How do we look upon the covenant of Immanuel in our own lives? Would we be able to conceive of the idea of “Seek first the kingdom of God and His righteousness“? Would we be able to believe “…and all that is needed will be provided by God“? Would we be able to receive “The Lord is my shepherd who makes it possible for me to want for nothing“? Would we be able to “Trust in the Lord with all our heart, soul, mind and strength” and be obedient to the leading of His Holy Spirit to work in us, with us and through us? Or are we more like Abram and Sarai who took matters into their own hands to make God’s destiny for their lives a reality? Look at the result of that effort: they laughed at God, they used a foreign “loophole” to provide an heir and jealousy ruled their lives which led to the consideration of sacrificing two sons. Yes, one son was driven into the wilderness as the scapegoat for Sarai’s jealousy. She agreed to, even conceived of, the idea to use the “rule of substitution” to give Abraham a son but it did not fill her life with joy. Worse, Abraham agreed to the plan to receive a son, believing Sarah’s plan was good, so that Ishmael could be conceived as his own and thus satisfy God’s covenant agreement by his own work. Except, that wasn’t God’s covenant agreement at all. So, when Isaac was born as God had promised, Abraham had to take this “little lamb” to Mount Moriah to be sacrificed as a good faith offering. Abraham had to be willing to give up all he had to receive all that God had promised to him. And that promise was a future beyond anything Abraham could have imagined. Little did Abraham know that his eventual act of faith to trust God in life and death would lead to the saving of God’s people and the establishment of the Church as his true descendants. It was a foretaste of the incarnation of Immanuel.

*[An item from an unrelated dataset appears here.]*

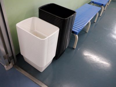 男子更衣室では空いているスペースに荷物を置いておりましたが、カバンの移動や忘れ物等防止のため、荷物を入れるカゴを用意致しました!

So, what is God conceiving in you, asking you to believe and inviting you to receive today in this Advent season. How will the love of God make itself known in you as you share this good news of a great joy illustrating God is love? What is it that you are willing to sacrifice so that the covenant of trust established between you and God can be fulfilled and passed on in the generations to come. And generations will be born through you! Jesus said to his detractors “I can silence My disciples. But, if I do, even the very stones will cry out ‘Hosannah.’” (Luke 19.40) It is not by flesh and blood but by faith that we receive the opportunity to bring great joy into the world. It is not with gifts created from and out of this world that make the best song. Rather, it is out of the heart, mind and soul which speaks of the glory and goodness of God. Christmas is a time of remembering our own birth by faith which God had in authentic love, His love in us. Christmas is a time to embrace our worth and value not in gifts wrapped in bows, ribbons and paper but in the gift wrapped in swaddling cloth lying in a manger. We are like the shepherds who sang their own song which Mary received in her heart, which Joseph believed in his mind and which the seed of hope conceived in everyone who bore witness to the birth of the gospel that day and every day following. Christmas is a time to reaffirm our accepting the covenant which God made with each of us to be our God and for us to be His people. Accepting that allows our trust in Him to provide what is needed to be fulfilled as we walk by faith and not by sight through the greatest love story ever told.

TODAY’S PRAYER:

Father, we are so grateful for what You have done to make Your love complete in us. We pray for the blessing of Your Holy Spirit to teach us how to allow the finishing touches on our lives to be applied so that we may be a more perfect witness of Your authentic love. May our joy be complete and our song be sung today and all days yet to come in Jesus’ name. AMEN.